Instructions to follow: An exact copy of the entries is required, with every image omitted.

#### The records ####

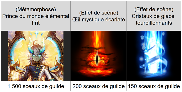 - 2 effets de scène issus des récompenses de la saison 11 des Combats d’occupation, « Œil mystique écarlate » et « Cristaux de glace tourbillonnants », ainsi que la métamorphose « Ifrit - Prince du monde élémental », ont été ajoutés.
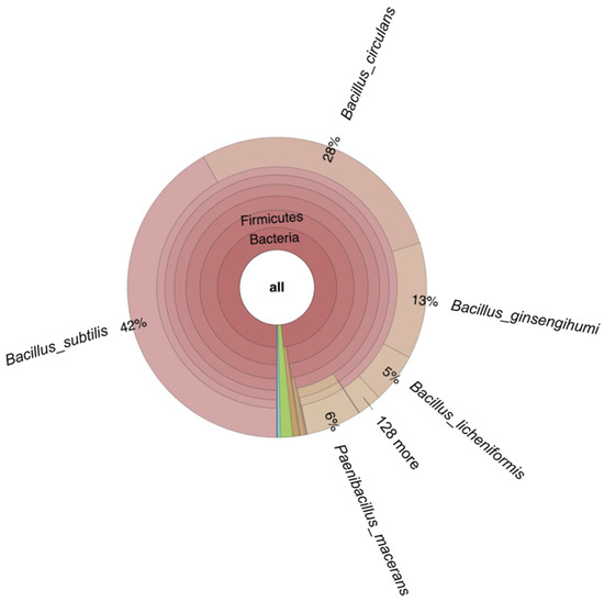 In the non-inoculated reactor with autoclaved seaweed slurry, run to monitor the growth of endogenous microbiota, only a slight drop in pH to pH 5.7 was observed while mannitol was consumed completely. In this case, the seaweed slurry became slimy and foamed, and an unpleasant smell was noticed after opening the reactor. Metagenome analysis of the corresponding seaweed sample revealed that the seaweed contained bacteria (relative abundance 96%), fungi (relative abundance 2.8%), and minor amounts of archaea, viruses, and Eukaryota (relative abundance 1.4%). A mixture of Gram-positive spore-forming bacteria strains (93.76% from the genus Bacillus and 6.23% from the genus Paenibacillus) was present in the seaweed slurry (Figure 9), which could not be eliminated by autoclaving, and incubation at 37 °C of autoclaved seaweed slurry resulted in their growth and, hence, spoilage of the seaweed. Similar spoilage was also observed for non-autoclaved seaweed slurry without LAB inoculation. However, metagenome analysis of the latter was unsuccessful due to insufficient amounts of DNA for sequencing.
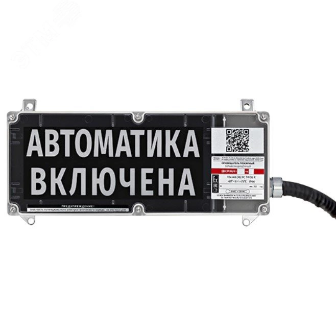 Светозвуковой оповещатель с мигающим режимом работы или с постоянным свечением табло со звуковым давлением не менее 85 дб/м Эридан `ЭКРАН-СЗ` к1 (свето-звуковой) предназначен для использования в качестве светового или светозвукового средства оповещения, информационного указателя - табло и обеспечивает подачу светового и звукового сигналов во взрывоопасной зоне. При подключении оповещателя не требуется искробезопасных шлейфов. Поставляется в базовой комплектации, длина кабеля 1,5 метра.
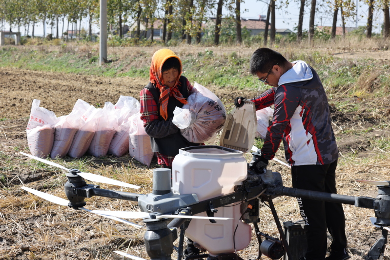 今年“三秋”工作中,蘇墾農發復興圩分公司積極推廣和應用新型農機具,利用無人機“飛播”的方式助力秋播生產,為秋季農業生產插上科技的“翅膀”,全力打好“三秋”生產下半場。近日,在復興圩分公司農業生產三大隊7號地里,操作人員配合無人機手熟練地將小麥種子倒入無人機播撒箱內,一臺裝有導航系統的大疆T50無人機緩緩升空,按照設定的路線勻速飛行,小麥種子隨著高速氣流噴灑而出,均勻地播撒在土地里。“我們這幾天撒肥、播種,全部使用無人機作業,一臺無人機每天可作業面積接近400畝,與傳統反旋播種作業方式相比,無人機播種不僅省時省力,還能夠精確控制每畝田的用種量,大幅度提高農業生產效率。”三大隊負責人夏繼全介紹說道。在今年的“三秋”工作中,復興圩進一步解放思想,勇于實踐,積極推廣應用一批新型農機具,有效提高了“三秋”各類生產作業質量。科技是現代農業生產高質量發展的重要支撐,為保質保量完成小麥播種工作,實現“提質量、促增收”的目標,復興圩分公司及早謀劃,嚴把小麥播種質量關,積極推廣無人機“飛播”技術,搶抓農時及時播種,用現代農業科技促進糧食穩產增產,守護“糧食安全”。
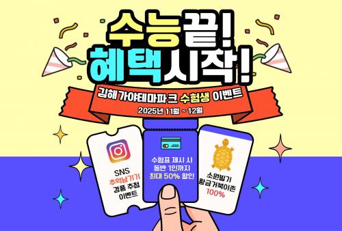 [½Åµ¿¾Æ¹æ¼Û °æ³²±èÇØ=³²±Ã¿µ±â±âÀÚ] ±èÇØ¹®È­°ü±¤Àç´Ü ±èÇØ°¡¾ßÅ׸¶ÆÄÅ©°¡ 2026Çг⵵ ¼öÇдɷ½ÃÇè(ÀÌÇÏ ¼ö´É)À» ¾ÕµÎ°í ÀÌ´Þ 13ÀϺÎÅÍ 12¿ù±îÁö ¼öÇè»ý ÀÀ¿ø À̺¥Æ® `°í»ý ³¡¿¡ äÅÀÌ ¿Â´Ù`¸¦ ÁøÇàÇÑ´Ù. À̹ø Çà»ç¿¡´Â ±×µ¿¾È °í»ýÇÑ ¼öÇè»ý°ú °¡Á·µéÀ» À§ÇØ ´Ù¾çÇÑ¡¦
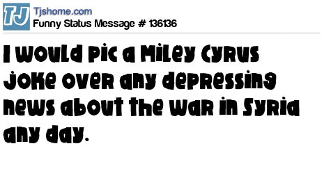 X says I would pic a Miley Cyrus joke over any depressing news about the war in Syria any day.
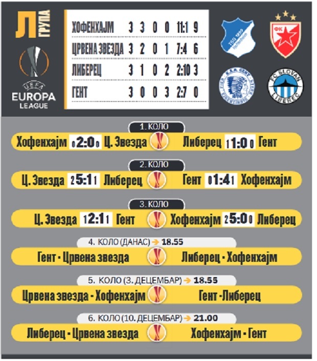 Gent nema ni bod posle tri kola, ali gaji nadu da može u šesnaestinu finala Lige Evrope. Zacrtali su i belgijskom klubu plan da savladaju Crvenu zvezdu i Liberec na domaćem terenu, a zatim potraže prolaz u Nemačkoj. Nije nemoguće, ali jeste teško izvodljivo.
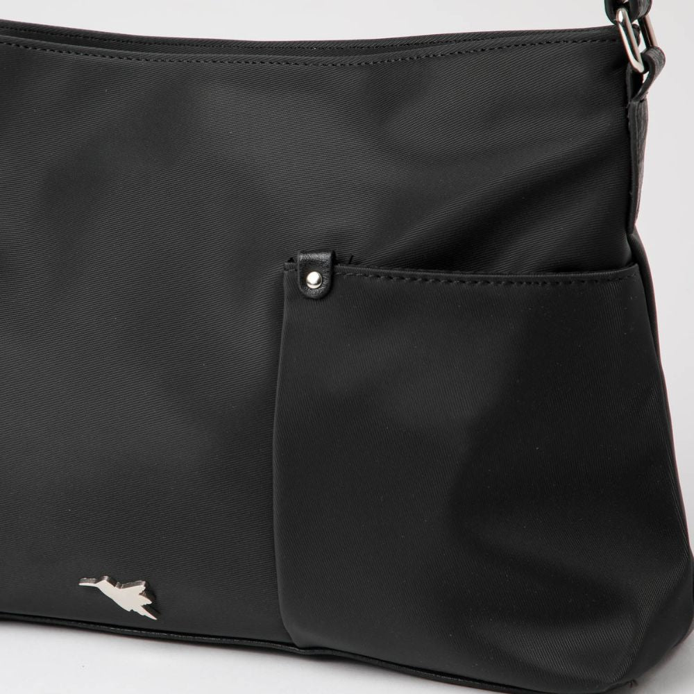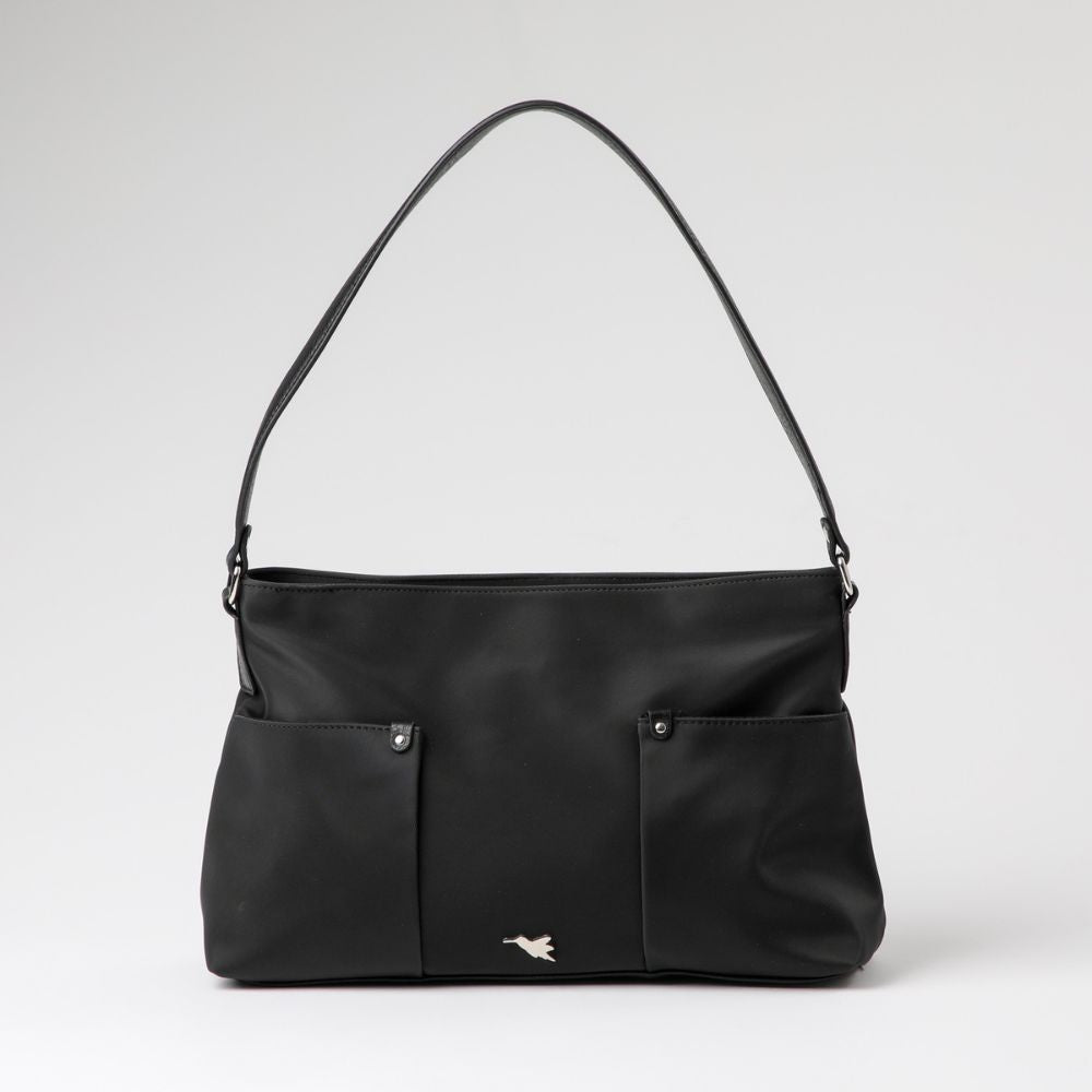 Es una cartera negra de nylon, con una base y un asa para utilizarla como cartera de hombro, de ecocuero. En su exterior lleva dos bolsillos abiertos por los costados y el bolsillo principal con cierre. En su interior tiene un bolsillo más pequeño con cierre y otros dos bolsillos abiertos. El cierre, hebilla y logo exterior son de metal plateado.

####

Solution for this exercise:
 - 2 effets de scène issus des récompenses de la saison 11 des Combats d’occupation, « Œil mystique écarlate » et « Cristaux de glace tourbillonnants », ainsi que la métamorphose « Ifrit - Prince du monde élémental », ont été ajoutés.
 In the non-inoculated reactor with autoclaved seaweed slurry, run to monitor the growth of endogenous microbiota, only a slight drop in pH to pH 5.7 was observed while mannitol was consumed completely. In this case, the seaweed slurry became slimy and foamed, and an unpleasant smell was noticed after opening the reactor. Metagenome analysis of the corresponding seaweed sample revealed that the seaweed contained bacteria (relative abundance 96%), fungi (relative abundance 2.8%), and minor amounts of archaea, viruses, and Eukaryota (relative abundance 1.4%). A mixture of Gram-positive spore-forming bacteria strains (93.76% from the genus Bacillus and 6.23% from the genus Paenibacillus) was present in the seaweed slurry (Figure 9), which could not be eliminated by autoclaving, and incubation at 37 °C of autoclaved seaweed slurry resulted in their growth and, hence, spoilage of the seaweed. Similar spoilage was also observed for non-autoclaved seaweed slurry without LAB inoculation. However, metagenome analysis of the latter was unsuccessful due to insufficient amounts of DNA for sequencing.
 Светозвуковой оповещатель с мигающим режимом работы или с постоянным свечением табло со звуковым давлением не менее 85 дб/м Эридан `ЭКРАН-СЗ` к1 (свето-звуковой) предназначен для использования в качестве светового или светозвукового средства оповещения, информационного указателя - табло и обеспечивает подачу светового и звукового сигналов во взрывоопасной зоне. При подключении оповещателя не требуется искробезопасных шлейфов. Поставляется в базовой комплектации, длина кабеля 1,5 метра.
 今年“三秋”工作中,蘇墾農發復興圩分公司積極推廣和應用新型農機具,利用無人機“飛播”的方式助力秋播生產,為秋季農業生產插上科技的“翅膀”,全力打好“三秋”生產下半場。近日,在復興圩分公司農業生產三大隊7號地里,操作人員配合無人機手熟練地將小麥種子倒入無人機播撒箱內,一臺裝有導航系統的大疆T50無人機緩緩升空,按照設定的路線勻速飛行,小麥種子隨著高速氣流噴灑而出,均勻地播撒在土地里。“我們這幾天撒肥、播種,全部使用無人機作業,一臺無人機每天可作業面積接近400畝,與傳統反旋播種作業方式相比,無人機播種不僅省時省力,還能夠精確控制每畝田的用種量,大幅度提高農業生產效率。”三大隊負責人夏繼全介紹說道。在今年的“三秋”工作中,復興圩進一步解放思想,勇于實踐,積極推廣應用一批新型農機具,有效提高了“三秋”各類生產作業質量。科技是現代農業生產高質量發展的重要支撐,為保質保量完成小麥播種工作,實現“提質量、促增收”的目標,復興圩分公司及早謀劃,嚴把小麥播種質量關,積極推廣無人機“飛播”技術,搶抓農時及時播種,用現代農業科技促進糧食穩產增產,守護“糧食安全”。
 [½Åµ¿¾Æ¹æ¼Û °æ³²±èÇØ=³²±Ã¿µ±â±âÀÚ] ±èÇØ¹®È­°ü±¤Àç´Ü ±èÇØ°¡¾ßÅ׸¶ÆÄÅ©°¡ 2026Çг⵵ ¼öÇдɷ½ÃÇè(ÀÌÇÏ ¼ö´É)À» ¾ÕµÎ°í ÀÌ´Þ 13ÀϺÎÅÍ 12¿ù±îÁö ¼öÇè»ý ÀÀ¿ø À̺¥Æ® `°í»ý ³¡¿¡ äÅÀÌ ¿Â´Ù`¸¦ ÁøÇàÇÑ´Ù. À̹ø Çà»ç¿¡´Â ±×µ¿¾È °í»ýÇÑ ¼öÇè»ý°ú °¡Á·µéÀ» À§ÇØ ´Ù¾çÇÑ¡¦
 X says I would pic a Miley Cyrus joke over any depressing news about the war in Syria any day.
 Gent nema ni bod posle tri kola, ali gaji nadu da može u šesnaestinu finala Lige Evrope. Zacrtali su i belgijskom klubu plan da savladaju Crvenu zvezdu i Liberec na domaćem terenu, a zatim potraže prolaz u Nemačkoj. Nije nemoguće, ali jeste teško izvodljivo.
 Es una cartera negra de nylon, con una base y un asa para utilizarla como cartera de hombro, de ecocuero. En su exterior lleva dos bolsillos abiertos por los costados y el bolsillo principal con cierre. En su interior tiene un bolsillo más pequeño con cierre y otros dos bolsillos abiertos. El cierre, hebilla y logo exterior son de metal plateado.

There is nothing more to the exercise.